12、 Process address space (PMAP; vdso; MMAP)

One 、 Process address space
char* p You can talk to intptr_t Interconversion
1、 Can point to any address
2、 Legal address （ Readable or writable ）
    （1） Code （main, %rip From here, the instructions to be executed ）, read-only
    （2） data （static,int x）, Reading and writing
    （3） Stack （int y）, Reading and writing
    （4） Run time memory allocation , Reading and writing
    （5） Dynamic link library
3、 Illegal address
    （1）NULL, Lead to segmentation fault 
Two 、 View the process address space
pmap(1) report memory of a precess
How to view the address space of a process
1、 The smallest Hello world （ static state / Dynamic links ）
    （1） Address space of the process ： Several consecutive “ paragraph ”
    （2）“ paragraph ” Of memory can be accessed
    （3） Not in segment / A memory access violation triggers SIGSEGV
            gdb You can access... Beyond your authority , But you can't access addresses that don't exist
3、 ... and 、 The operating system provides a mechanism to view the process address space
RTFM：/proc/[pid]/maps (man 5 proc)
1、 Each segment in the process address space
    （1) Address （ Range ） And authority （rwxsp）
    （2） Corresponding file ：offset,dev,inode,pathname
2、 and readelf The information in the verifies each other

Four 、 Address space of the process

Address space of the process = There are several consecutive in memory “ paragraph ”

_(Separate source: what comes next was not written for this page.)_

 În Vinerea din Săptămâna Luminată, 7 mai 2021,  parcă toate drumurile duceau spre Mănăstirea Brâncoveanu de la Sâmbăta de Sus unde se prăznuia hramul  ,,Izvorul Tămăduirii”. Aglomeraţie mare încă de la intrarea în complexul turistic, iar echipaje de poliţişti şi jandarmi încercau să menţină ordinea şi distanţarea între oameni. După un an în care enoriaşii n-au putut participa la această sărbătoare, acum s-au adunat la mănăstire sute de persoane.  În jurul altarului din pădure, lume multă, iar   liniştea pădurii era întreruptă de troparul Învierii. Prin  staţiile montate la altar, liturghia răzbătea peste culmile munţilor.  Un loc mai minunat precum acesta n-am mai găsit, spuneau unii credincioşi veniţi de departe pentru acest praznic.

1、 Each segment is accessible （ read / Write / perform ） Of memory

        （1） May map to a file and / Or shared between processes

System call to manage the process address space

// mapping 
void *mmap(void* addr, size_t length, int port, int flag, int fd, off_t offset);
// Unmap 
void munmap(void,* addr, size_t length);
// Modify mapping permissions 
int mprotect(void,* addr, size_t length, int port);

2、RTFM： The state increases / Delete / Modify an accessible memory

5、 ... and 、 Address space isolation

Every *ptr Only this process can be accessed （ State machine ） Of memory

1、 Unless mmap According to specified 、 Map shared file or shared memory multithreading

2、 It realizes the most important functions of the operating system ： Isolation between processes

6、 ... and 、 Modifier

1、 Modifier

        （1） adopt open ”/proc/pid/mem“

         Facilitate a value in memory , According to the modified value , You can lock the address space ; By modifying the value of the address , Implement modification .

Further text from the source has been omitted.